Wondering how the upcoming BlackBerry PlayBook stacks up against the Apple iPad? While we’re probably going to have to wait until the tablet is officially released before we get complete and unbiased third party comparisons, the folks at Research in Motion have put together a video that compares the web browsing experience on the two tablets.

It’s not surprising that the PlayBook comes out ahead, since the video was produced by RIM and likely favors content where the PlayBook excels. But the iPad has also been out for a few months while the PlayBook which isn’t available yet features next-generation technology including a dual core ARM-based processor.

That said, the video shows the PlayBook loading standard web pages more quickly than the iPad, as well as displaying Flash video while the iPad simply shows an error message.

Of course, the PlayBook takes it time loading Flash content… you’ll get a much better experience using a desktop web browser. But at least you have the option on the PlayBook.

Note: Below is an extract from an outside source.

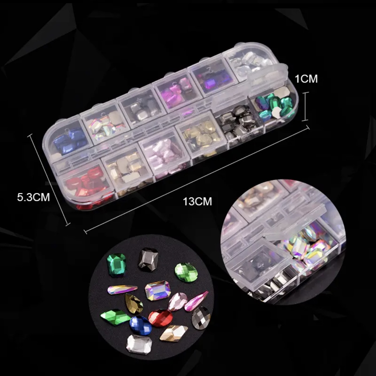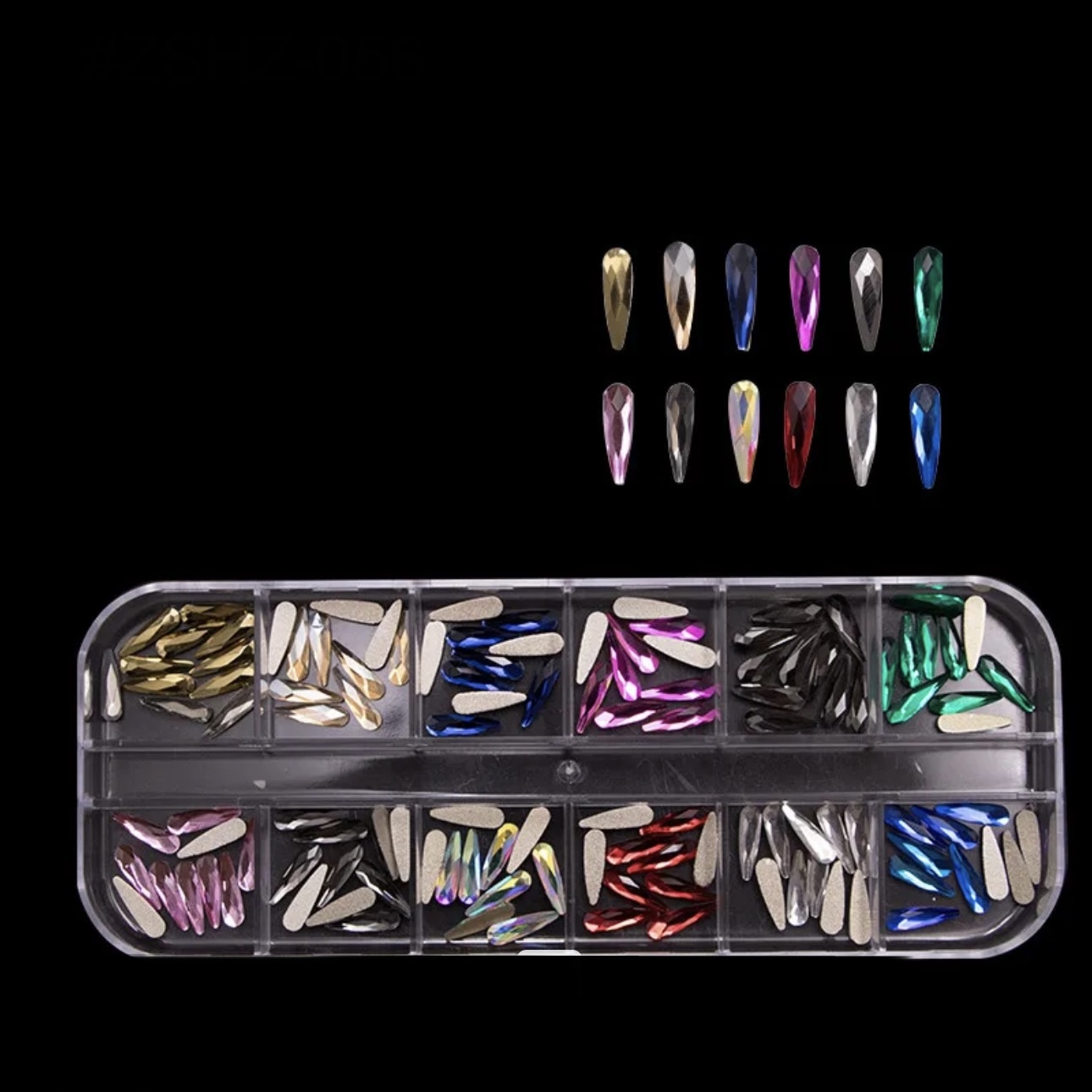Multi shape colored rhinestone in box (CHB02339)

The PlayBook browser also gets a perfect 100 score on the Acid3 web standards test, and has no rendering artifacts.It does well on JavaScript and HTML5 tests as well.

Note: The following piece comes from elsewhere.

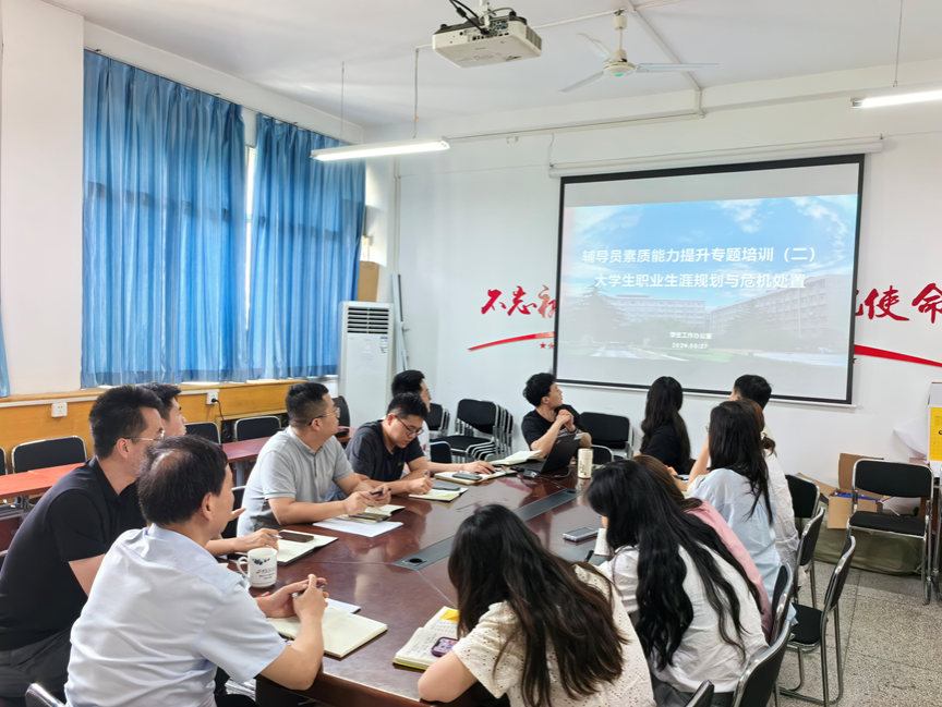 5月27日,pp电子官方网站学工办党支部在教四楼党员活动室开展辅导员素质能力提升专题培训之大学生职业生涯规划与危机事件处置专题培训。本次培训由pp电子官方网站学工党支部书记、办主任杨帆主讲。

The video also shows off the on-screen keyboard for the PlayBook, which looks a lot better on a 7 inch display than the standard Android browser when scaled up to larger devices — although touch-typing is probably still easier on the iPad with its larger 10 inch screen.

You can check out the comparison video after the break.

  • http://twitter.com/Publicglutton Public Glutton

    Just another example of apple’s lack of foward thinking….or is it?

    • Anonymous

      It is. The current version of the iOS firmware on the iPad is really horrible. Memory leaks and all those stuffs.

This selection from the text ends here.